[Exercise] Retype, without changes, every line from the line that contains "USFSP Delegates and" through the final line of the records. Exclude pictures.

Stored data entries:
━━━━━━━━━━━━━━━━
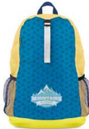
MB1005 Foldable backpack.
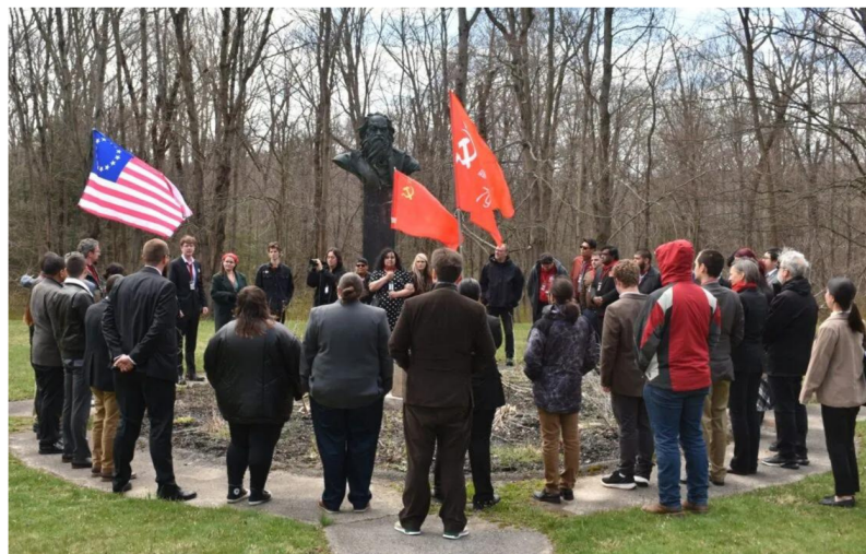
USFSP Delegates and observers laying wreaths at the foot of statues honoring Slavic poets, which was donated by the Soviet Union in the 1970's

USFSP has contacts in all former Soviet Republics, from the Baltics to Central Asia, and especially in the Ukraine and parts of Russia such as Luhansk, Donetsk and Crimea.
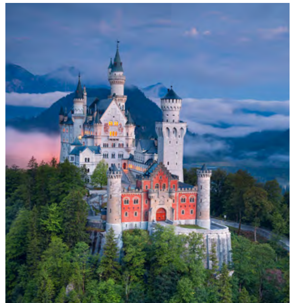
Neuschwanstein Castle: One of the best known buildings in the world
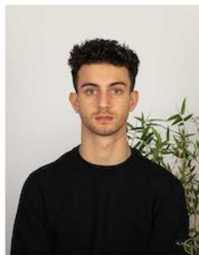
✗ Object in background
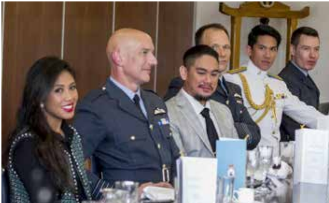
Present at the graduation ceremony were His Royal Highness Prince Haji 'Abdul Azim and Her Royal Highness Princess 'Azemah Ni'matul Bolkiah.
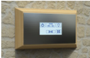
Stainless Steel Touch Control (for steam generators)
━━━━━━━━━━━━━━━━
[Task result]
USFSP Delegates and observers laying wreaths at the foot of statues honoring Slavic poets, which was donated by the Soviet Union in the 1970's

USFSP has contacts in all former Soviet Republics, from the Baltics to Central Asia, and especially in the Ukraine and parts of Russia such as Luhansk, Donetsk and Crimea.
Neuschwanstein Castle: One of the best known buildings in the world
✗ Object in background
Present at the graduation ceremony were His Royal Highness Prince Haji 'Abdul Azim and Her Royal Highness Princess 'Azemah Ni'matul Bolkiah.
Stainless Steel Touch Control (for steam generators)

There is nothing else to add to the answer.